Australia denies entry to Syrian refugees; cites London attack for justification
Sydney: Australia rejected 500 Syrian refugees on security grounds during more than a year of vetting while accepting 12,000 eligible for resettlement from Middle Eastern camps, an official said on Thursday.
Immigration and Border Protection minister Peter Dutton said the deadly rampage near Britain’s Parliament on Wednesday, in which a man used a knife and car as weapons to kill four people, showed Australia was right to be cautious on who it accepted.
“The tragic events in London and elsewhere demonstrate the government’s approach was prudent and there are people that we’d excluded on national security grounds and people that we do have concerns about that we have not brought to our country and we never will,” Dutton told reporters.

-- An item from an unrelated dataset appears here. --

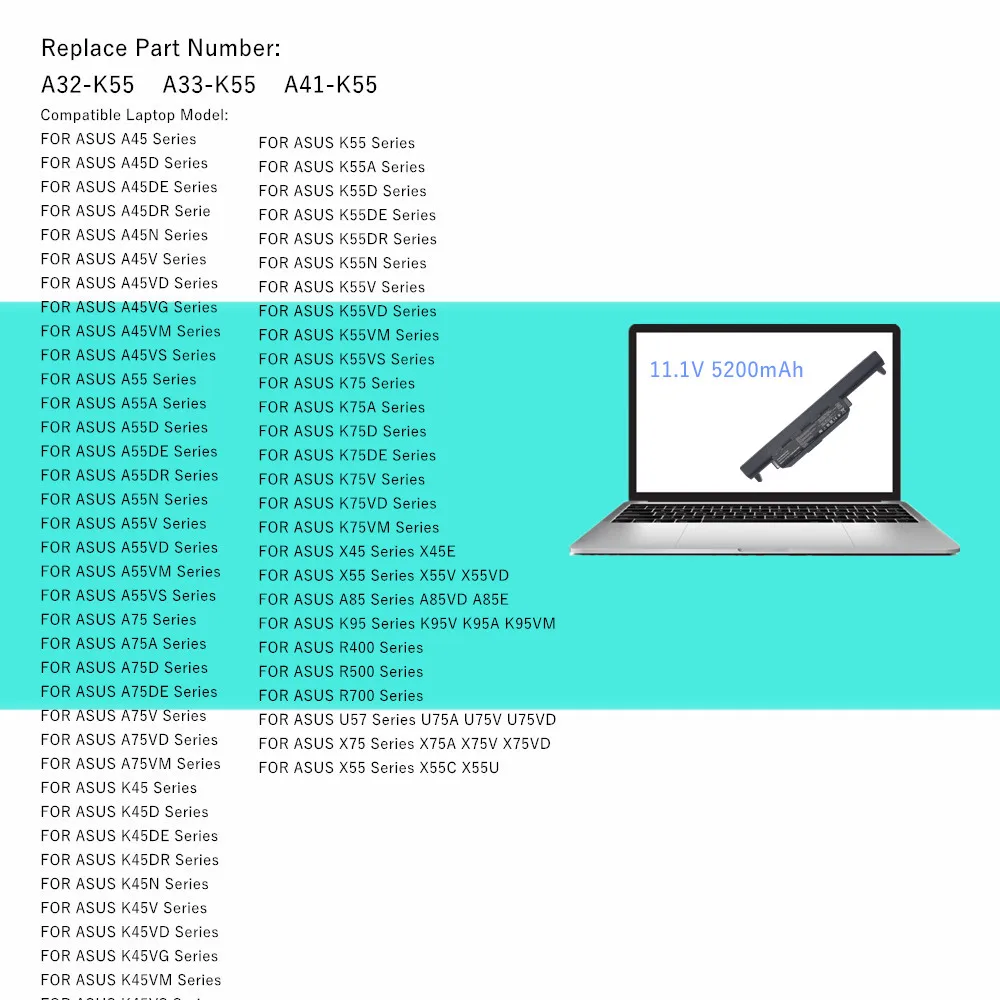Comprar Batería de A32-K55 para portátil Asus A41-K55 K55A K55D K55N K55V K75 K75A K75D K75V R400 R400D R400N R400V R500 R500A R500D R500V

The government announced in September 2015 that 12,000 refugees from the war in Syria and Iraq would be resettled as quickly as possible.
All 12,000 have now been issued visas and more than 10,000 have already been brought to Australia, the government said on Wednesday.

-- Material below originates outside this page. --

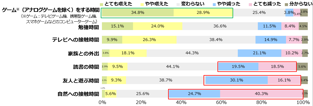 ゲームの時間が増えた一方、自然への接触や読書、友人と遊ぶ時間が減少
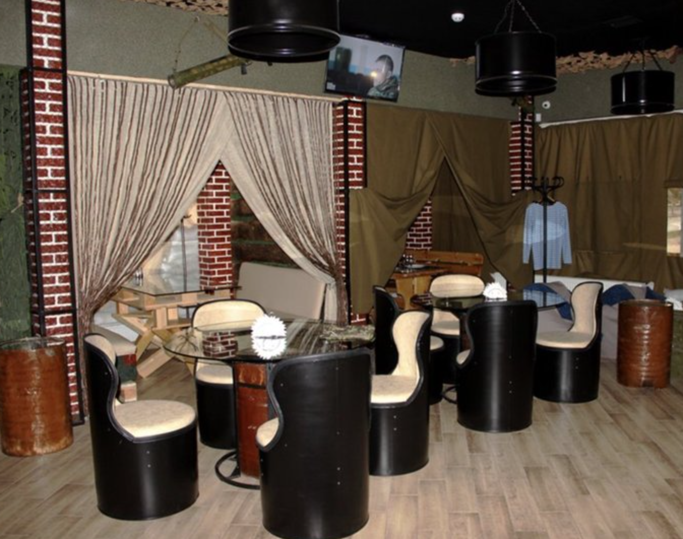Інтер'єр кафе був виконаний у військовому стилі, там навіть офіціанти ходили у формі. Щоправда, як видно на фото, чимало елементів декору дешевили заклад та перетворювали його на забігайлівку. Однак меню та ціни у "Сепарі" були не низькими, не кожен місцевий міг собі дозволити поїсти на 400-1000 рублів.

Dutton said there would have been “significant consequences in our own country” if the government had followed the opposition’s advice by bringing all the refugees to Australia quickly.
Dutton’s office did not immediately respond on Thursday to a request for comment on a newspaper report that as many 900 of the accepted refugees are members of Syria’s Christian minority.
Five people died in London, including the assailant, and another 40 were injured. The attacker’s identity has not been revealed, but Metropolitan Police counter-terrorism chief Mark Rowley has said Islamist terrorism was suspected.